What is required:
Would you reproduce exactly the lines below from the one holding "和と洋の素材・技法を自在にと" through the one holding "Christian Louboutin Hæler", inclusive, and no others?

Record extracts:
·····
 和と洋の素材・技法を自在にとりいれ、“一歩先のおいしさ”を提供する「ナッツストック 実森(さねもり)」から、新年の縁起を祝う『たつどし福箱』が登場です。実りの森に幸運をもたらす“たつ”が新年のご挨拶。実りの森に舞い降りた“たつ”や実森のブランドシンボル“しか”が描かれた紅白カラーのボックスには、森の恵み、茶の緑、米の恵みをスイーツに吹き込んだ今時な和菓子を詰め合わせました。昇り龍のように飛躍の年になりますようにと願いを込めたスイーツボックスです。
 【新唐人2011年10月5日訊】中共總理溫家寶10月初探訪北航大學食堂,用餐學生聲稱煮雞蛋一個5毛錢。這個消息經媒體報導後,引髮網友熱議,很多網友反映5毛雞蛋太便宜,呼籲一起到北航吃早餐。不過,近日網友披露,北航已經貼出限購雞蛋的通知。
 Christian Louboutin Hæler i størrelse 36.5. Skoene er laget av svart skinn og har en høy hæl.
·····
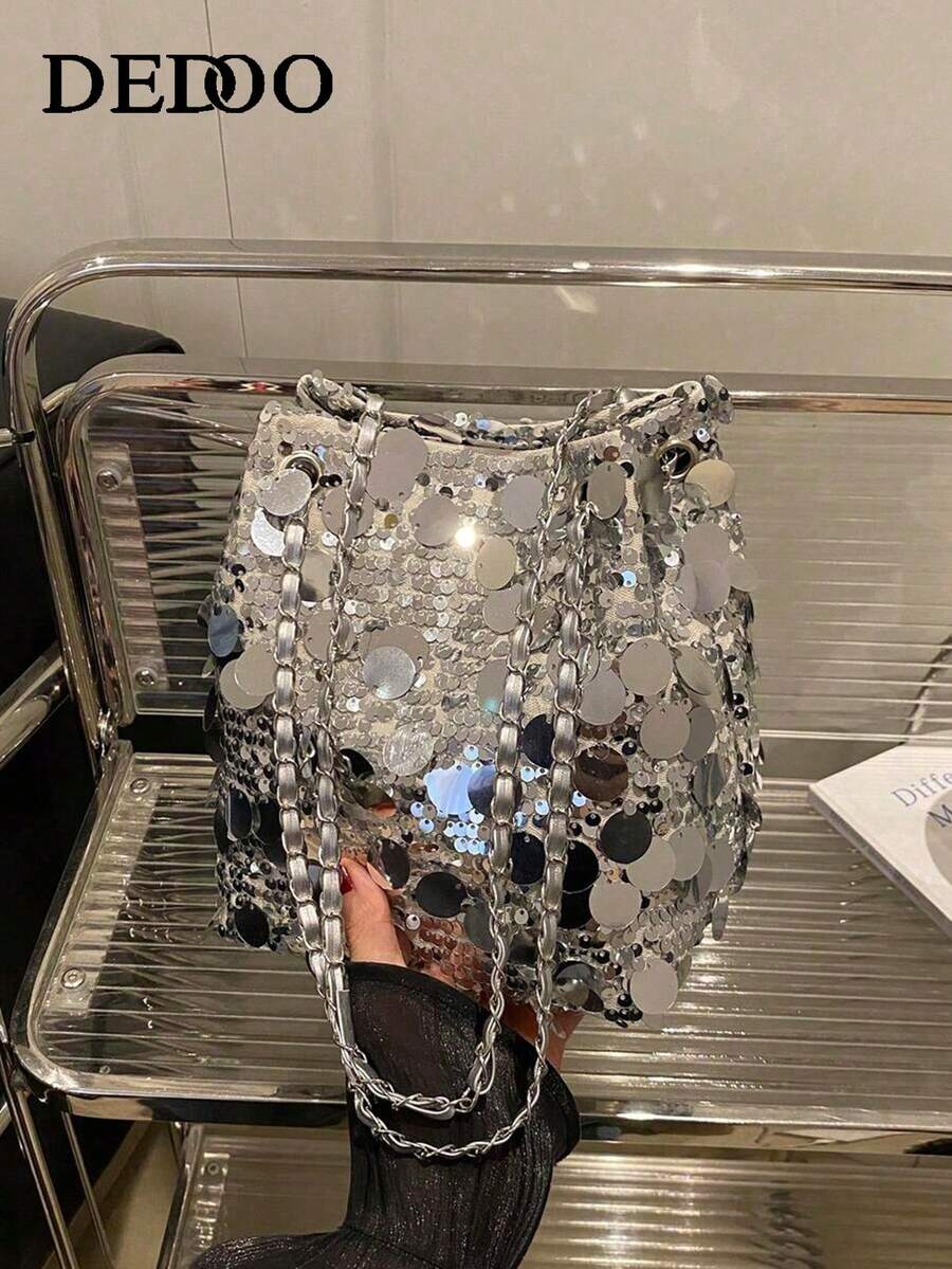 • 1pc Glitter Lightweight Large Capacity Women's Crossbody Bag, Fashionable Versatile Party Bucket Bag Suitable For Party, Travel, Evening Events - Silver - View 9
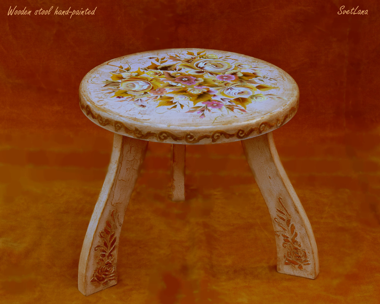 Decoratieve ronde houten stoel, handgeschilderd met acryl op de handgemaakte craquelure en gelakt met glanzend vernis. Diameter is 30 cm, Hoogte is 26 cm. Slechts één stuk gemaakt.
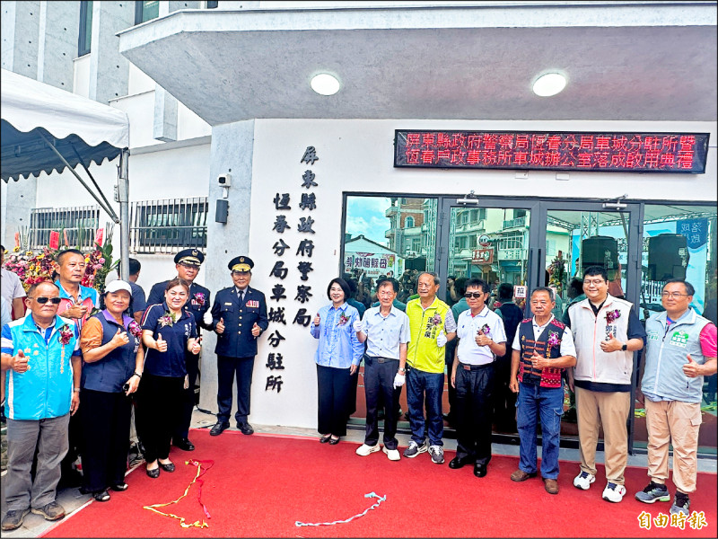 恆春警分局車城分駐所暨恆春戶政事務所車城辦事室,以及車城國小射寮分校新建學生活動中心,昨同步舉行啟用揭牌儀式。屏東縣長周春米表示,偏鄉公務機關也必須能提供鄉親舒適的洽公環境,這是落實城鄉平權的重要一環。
·····
Task output:
 和と洋の素材・技法を自在にとりいれ、“一歩先のおいしさ”を提供する「ナッツストック 実森(さねもり)」から、新年の縁起を祝う『たつどし福箱』が登場です。実りの森に幸運をもたらす“たつ”が新年のご挨拶。実りの森に舞い降りた“たつ”や実森のブランドシンボル“しか”が描かれた紅白カラーのボックスには、森の恵み、茶の緑、米の恵みをスイーツに吹き込んだ今時な和菓子を詰め合わせました。昇り龍のように飛躍の年になりますようにと願いを込めたスイーツボックスです。
 【新唐人2011年10月5日訊】中共總理溫家寶10月初探訪北航大學食堂,用餐學生聲稱煮雞蛋一個5毛錢。這個消息經媒體報導後,引髮網友熱議,很多網友反映5毛雞蛋太便宜,呼籲一起到北航吃早餐。不過,近日網友披露,北航已經貼出限購雞蛋的通知。
 Christian Louboutin Hæler i størrelse 36.5. Skoene er laget av svart skinn og har en høy hæl.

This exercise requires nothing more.